HACKER Q&A
📣 mind-blight

Are people choosing yarn over NPM or pnpm? Why or why not?


Yarn was fantastic when it first came out. It really pushed the other node package managers to focus on stability and performance. Recently, I've run into issues with how it manages packages in a monorepo, and it seems to result in larger `node_modules/` than either pnpm or npm.

Are folks still choosing yarn for new projects, and if so what's making you choose it over other options?


  👤 jangoforhire Accepted Answer ✓
My list:

pnpm - my goto now.

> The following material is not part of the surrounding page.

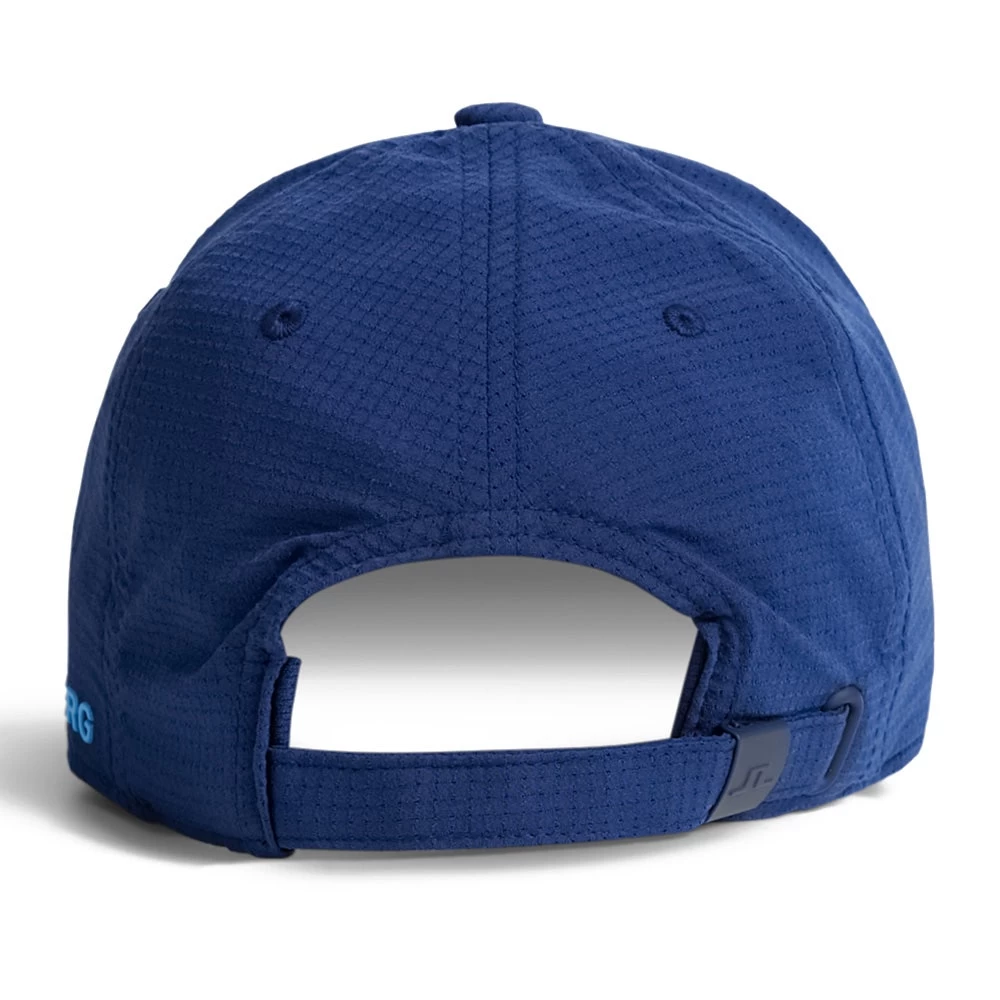 Complete your new season J.Lindeberg look with this highly technical golf cap which is both stylish and functional for wearing all year round. The lightweight fabric offers all round breathability thanks to the High Vent mesh fabric, while a moisture wicking sweatband will keep you feeling cool and comfortable in the warmest temperatures. An adjustment strap ensures one size fits all, finished with a rubberised metallic clasp which is a classy touch. Iconic JL branding is located on the front and the left side and looks especially great in this seasonal colour combination.

It's fast, enforces that you have your dependencies set up correctly (no transitives etc.), and still allows settings to simulate older `node_modules` structures that some things (`prisma` / `storybook` etc.) need to work.

yarn v1 - Used to be my default, so I still have some older projects using it, but I'm slowly moving them all to `pnpm`.

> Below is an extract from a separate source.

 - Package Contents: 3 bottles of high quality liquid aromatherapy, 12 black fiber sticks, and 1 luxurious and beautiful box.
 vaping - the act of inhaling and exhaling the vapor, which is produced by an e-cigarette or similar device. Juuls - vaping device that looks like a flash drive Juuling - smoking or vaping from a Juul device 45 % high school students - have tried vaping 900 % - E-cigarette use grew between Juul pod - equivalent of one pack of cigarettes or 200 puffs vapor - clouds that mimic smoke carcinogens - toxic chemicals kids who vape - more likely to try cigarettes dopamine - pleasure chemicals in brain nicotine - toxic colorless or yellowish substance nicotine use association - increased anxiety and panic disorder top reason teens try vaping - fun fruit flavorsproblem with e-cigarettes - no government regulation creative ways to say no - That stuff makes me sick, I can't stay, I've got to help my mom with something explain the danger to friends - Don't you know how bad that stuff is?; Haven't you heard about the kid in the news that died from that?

yarn berry - only if I have to. I'm sure it's great, but the mental model shift was too extreme

npm - never


👤 Leftium
I switched from Yarn (2) to pnpm last year.

Right before I switched, I helped someone with a problem deploying a prisma project to Vercel.

Yarn just worked (or maybe it was vanilla npm?), but pnpm needed a crazy work-around. I think the issue was pnpm was putting files generated by prisma in a weird location that couldn't be accessed after build.

Oh, also with my nodejs setup installing modules globally didn't work. Worked with yarn, but I just install global modules with vanilla npm, now.